Jane Dziadulewicz, former safeguarding co-ordinator for the diocese of Clifton raised the same point and made the same recommendation.

“I think there is a huge problem around accountability, and this problem — the problem within the Catholic Church has been going on for years. I think, unless a way can be found to ensure that bishops and religious leaders have no choice but to apply policies and procedures, we will continue to have problems in managing individuals accused of abuse and in keeping children safe within the Catholic Church.

“I think perhaps there needs to be some kind of body that holds the church accountable, which could result in financial fines or criminal sanctions if these policies and procedures aren’t applied, in the similar way by — across other agencies. There is just nothing. The church ultimately doesn’t have to do these things if it doesn’t want to.
“Once this inquiry is over, if nothing happens as a result of this inquiry, the church can continue in the way it’s continued for years, and so people can — will be able to access the services that the church has offered to children and families for years and the same problems will arise where offenders will be able to target children and abuse again.”

These opinions are not coming from enemies of the church.
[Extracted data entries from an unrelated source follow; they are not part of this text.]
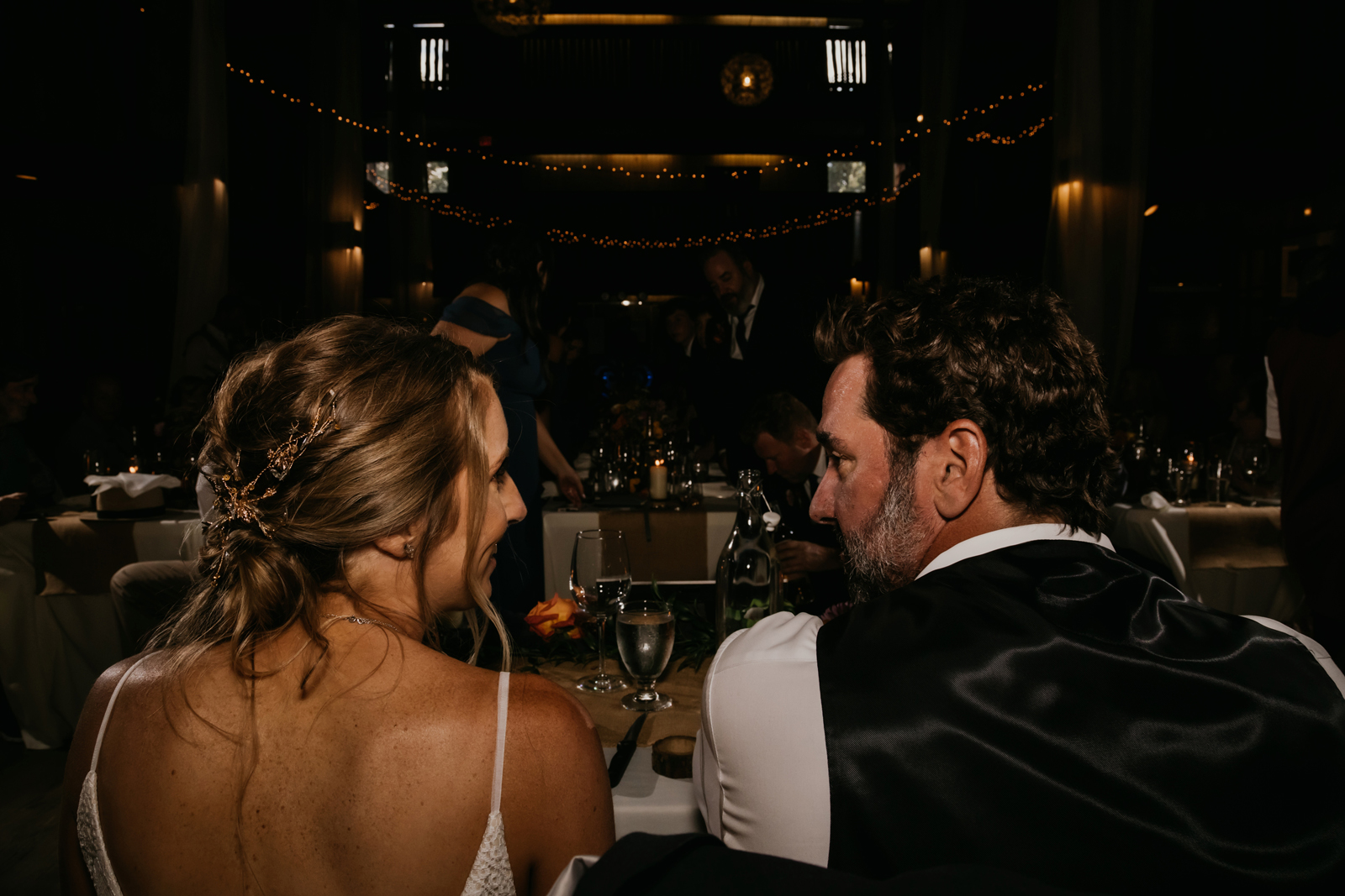 Aside from the breakfast burrito that the Best Man brought me in the Bridal Suite that morning while sipping on mimosas and having hair and makeup done? My husband would say seeing me trembling like a leaf. I’m the strong one, he doesn’t see me so vulnerable and it struck a chord with him. I feel like it was when we were at dinner, and we were seated at the head table. I could look up and over our closest friends and family from all across the country, from all periods of our lives enjoying each other’s company and having a grand time.
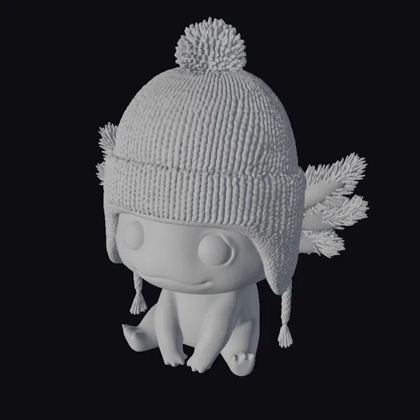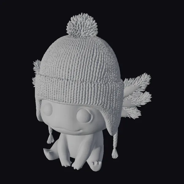 Detailed with precision, this stylized pink axolotl sits poised, its body a soft pink hue that contrasts beautifully with the bright blue of its knit hat. The hat itself is a masterpiece of texture, complete with a white pom-pom atop and blue tassels that dangle from the sides, each strand meticulously rendered. Red and white accents on the axolotl’s gills add a pop of color, drawing the eye to the creature’s unique features. Its large, black eyes are full of warmth and friendliness, inviting the viewer to engage. This model is perfect for use in animation, game development, or as a decorative piece in 3D design projects, offering a touch of whimsy and delight.
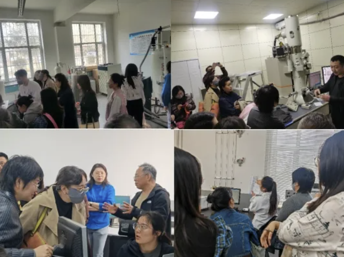 刘子忠、徐爱菊等老师陪同参观。重点实验室的爱军老师向一中老师们介绍并展示科研仪器——透射电镜,老师们相互探讨、深入交流。
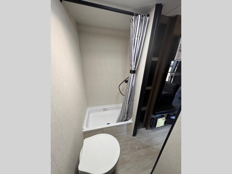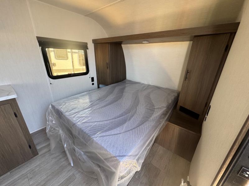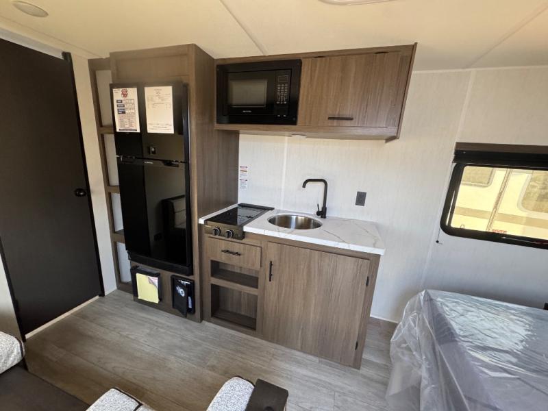 You'll love spending time outdoors with the power awning. When you get tired from your day of hiking, relax on the front camp queen bed with plenty of storage such as overhead cabinets to place your clothing and such. And you'll appreciate the farmhouse sink to clean after you cook with the two-burner cooktop.
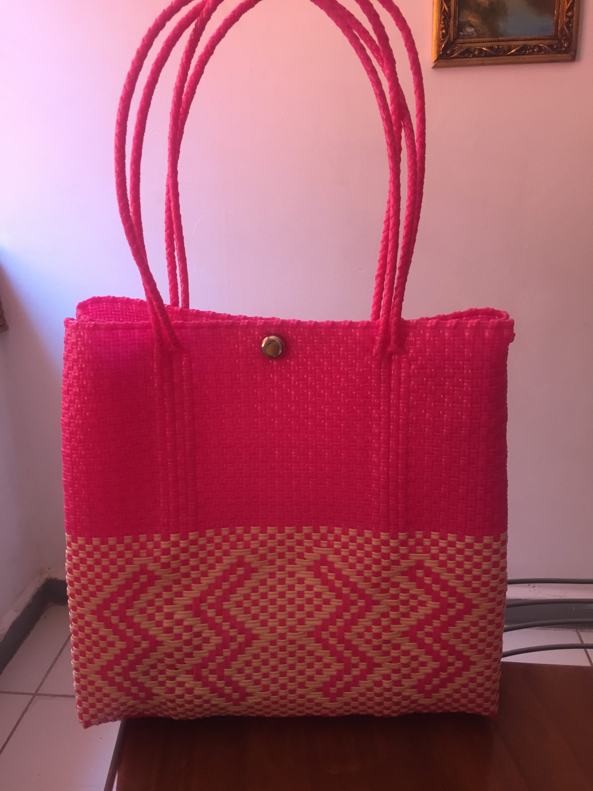 I spotted this one because of the colour and appreciated the double handles and the clasps. The saleslady was not impressed by my eyeing a pink one when I was in a pink skirt with a pink purse, so she tried to talk me into another colour (LOL!). She spent so much time with me that I knew I was going to buy from her even if I wasn’t really ready to buy as I hadn’t yet priced these bags. She told me the price was 200 pesos, and that was her best price “for me.” That seemed a bit steep, but, again, I hadn’t priced these yet and this was a large one with the three clasps and double handles, so it seemed possibly reasonable. The fact that the price was firm said a lot as well. So off I went with my tote!
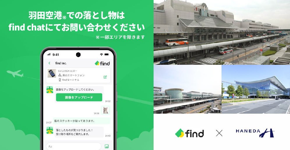 日本空港ビルデング株式会社と東京国際空港ターミナル株式会社は、株式会社findが提供する「落とし物クラウドfind」を3月12日より国内空港で初めて導入します。多言語対応のチャット機能により、羽田空港第1・第2・第3ターミナル内(一部エリアを除く)でのお問い合わせをよりスムーズに行えるようになります。

They are from people who have genuinely tried to reform the church’s safeguarding policies and culture, and who have concluded that reform from within is impossible. They were there, they have seen the task, and have done their best but have failed.
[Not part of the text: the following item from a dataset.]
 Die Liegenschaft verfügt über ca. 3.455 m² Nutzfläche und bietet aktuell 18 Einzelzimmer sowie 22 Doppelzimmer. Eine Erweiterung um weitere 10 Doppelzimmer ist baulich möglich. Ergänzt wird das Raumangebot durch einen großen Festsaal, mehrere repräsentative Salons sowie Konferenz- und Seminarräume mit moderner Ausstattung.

The inquiry has therefore heard overwhelming evidence that we have an institution here where those in charge knew perfectly well how to report abuse to the police, but made a deliberate decision not to, instead choosing over a period of decades to harbour known criminals in their midst.
The legal representatives of the abuser survivors were unanimous in calling for the inquiry to recognise the need for “mandatory reporting”, a legal duty on staff in institutions caring for children to report reasonable suspicions of abuse.

It is hard to imagine any measure short of legal compulsion under threat of substantial criminal penalties that will change the behaviour of those who know how to report abuse but who instead carefully skirt just inside the law to keep the abuse covered up. The monks giving evidence were quite clear that had a mandatory reporting law existed they would have obeyed it and reported the abuse.
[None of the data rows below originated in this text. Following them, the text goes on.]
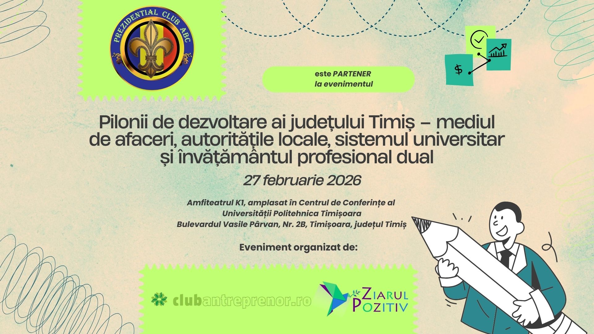 În acest context, Prezidențial Club ABC se alătură evenimentului „Pilonii de dezvoltare ai județului Timiș”, consolidând dimensiunea strategică a dialogului dintre mediul de afaceri, autorități și sistemul universitar.
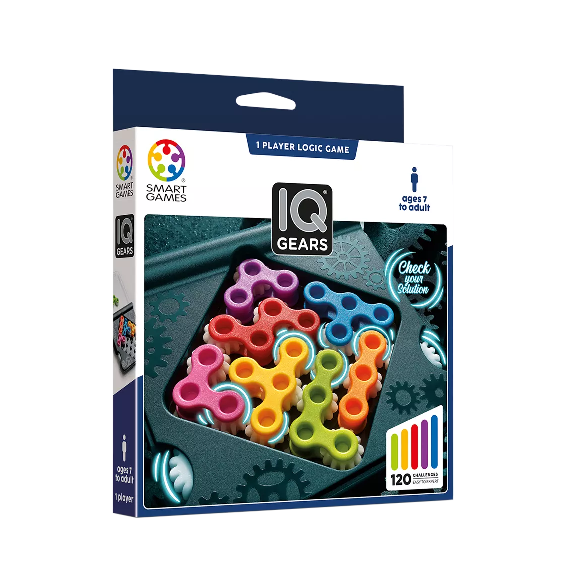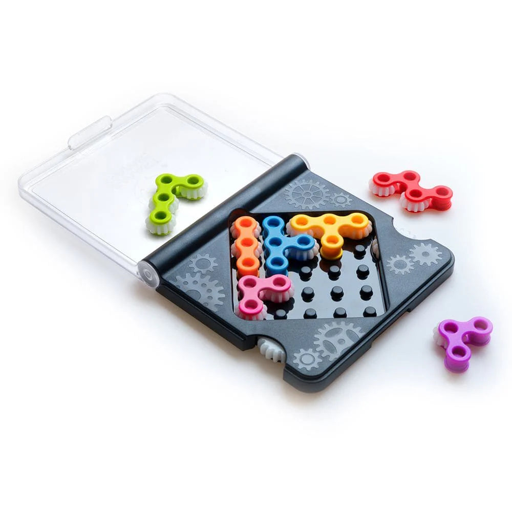 Et IQ-spil, der vil sætte din hjerne i højt gear! Kan du få alle gearene på spillebrættet? Når du har den rigtige løsning, vil brikkerne forbindes ... og de store hjul på siderne af spillebrættet vil dreje sammen! Er rejsevenlig med låg.
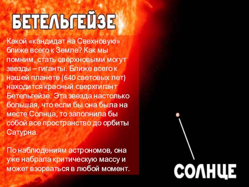 Бетельгейзе может стать вторым Солнцем
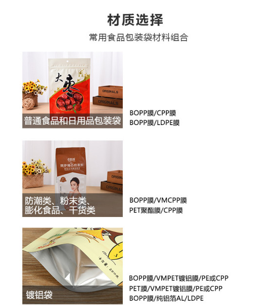 材質(zhì)工藝:采用PET鍍鋁BOPP/PET/PA/CPP/LDPE兩層或多層復(fù)合
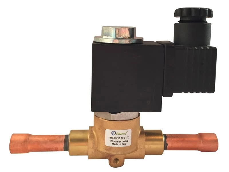 Соленоидный клапан BC-EMV6 12S (IT)-произведен в Италия для Becool, температура рабочей среды -35...+105°C, материал корпуса-латунь, катушка 230В/50Гц, потребляемая мощность катушки 21 Вт, максимальное рабочее давление 45 bar. Присоединительные патрубки под пайку 1/2" (12мм).
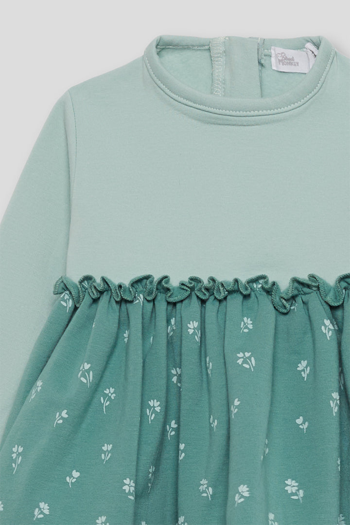 💚Este vestido de niña presenta un diseño encantador con una parte superior lisa de manga larga en un colore verde menta sueve. la parte de la falda es ligeramente mas oscuro esta adornado con un estampado de ligeras flores blancas y fruncido en la cintura para darle volumen y movimiento. Es una prenda cómoda para el día a día 💚
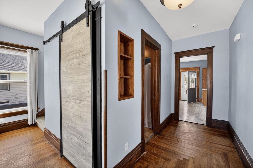 Charming 3-bedroom, 2-bath home ideally located between Monroe's fairgrounds and downtown square. This property blends classic character with modern updates, featuring hardwood floors, original trim, and a spacious kitchen perfect for everyday living or entertaining. Convenient second-floor laundry plus additional hookups in the basement offer flexibility. Enjoy outdoor living on the large south-facing deck overlooking a fenced backyard. A detached 2-car garage provides ample storage. Major updates include a new roof on both the home and garage. Prime location close to shopping, dining, and community events. This move-in-ready home is a must-see!
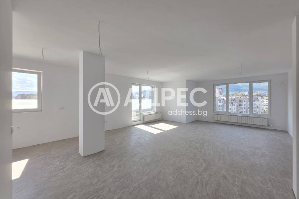 Огромен панорамен тристаен апартамент. Състои се от 50 кв.м. хол с южно и западно изложение и нескриваема гледка към планина Витоша, две големи самостоятелни спални по 25 кв.м. и 15 кв.м. с източно изложение, голяма панорамна тераса пред тях, санитарни помещения и коридори.
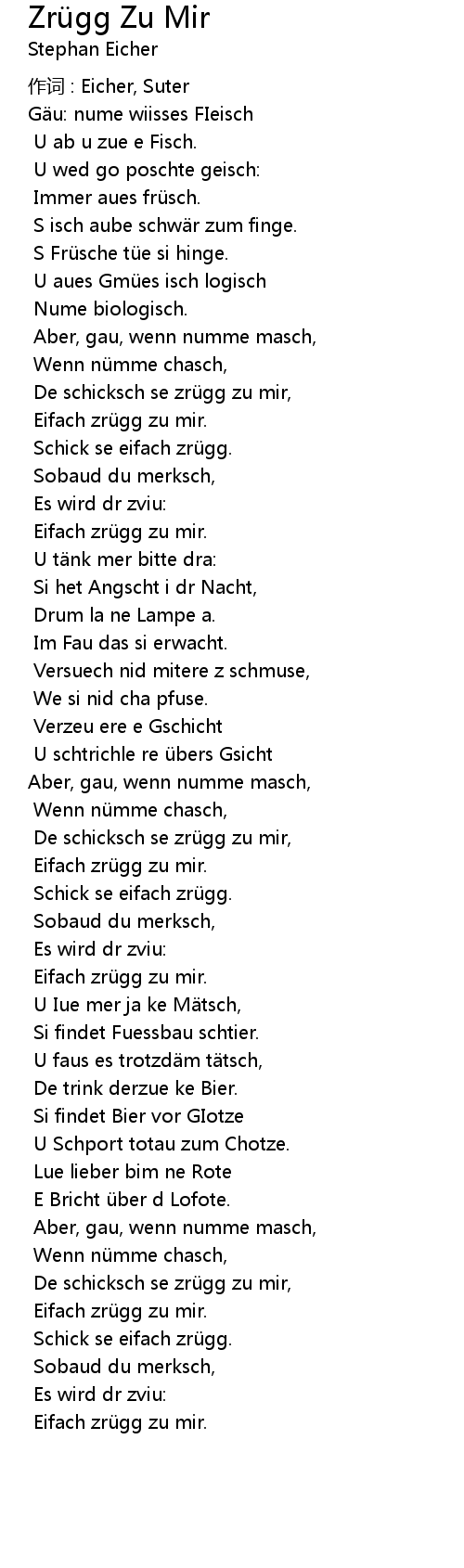 | Song | Zrügg Zu Mir |
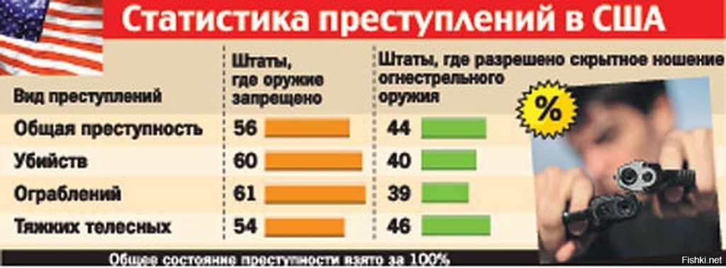 В штатах со строгими законами с 1977 по 2014 год снизилась на 42%. Тогда как в штатах с простой регистрацией – 9%. Вооружение населения ведет к настоящей гонке. В следствии того, что бандиты понимают возросшую опасность и увеличивают арсенал.

But the amazing thing is that none of these quotes have made it into the inquiry report. The past misdeeds of the monks of Ampleforth and Downside are rehearsed in great detail, and the fact that significant problems remain at both schools is mentioned. But the report doesn’t mention anywhere that backsliding is possible and has been specifically warned against by expert witnesses who have tried to get safeguarding to work within the church. Instead the inquiry was full of praise for individuals such that the outgoing and next headmasters of Downside who appear determined to improve things.

The inquiry report says that it is holding off making recommendations until it has completed the Roman Catholic investigation. On the surface that is fair enough, but the lack of any mention of the risk of backsliding combined with the praise for individuals working to improve things makes me wonder whether the inquiry is going to argue against the need for mandatory reporting.

Such a course of action would be disastrous. Reliance on the presence of good people doing the right thing fails as soon as those good people (when all the publicity has died down) are blocked from getting on with the job and resign in frustration. Not having mandatory reporting essentially tells places like Ampleforth and Downside that what they did was OK legally and in due course they can go back to covering up abuse in time-honoured fashion. Do we really want that?

Jonathan West is a core participant in the IICSA investigation into the Roman Catholic Church.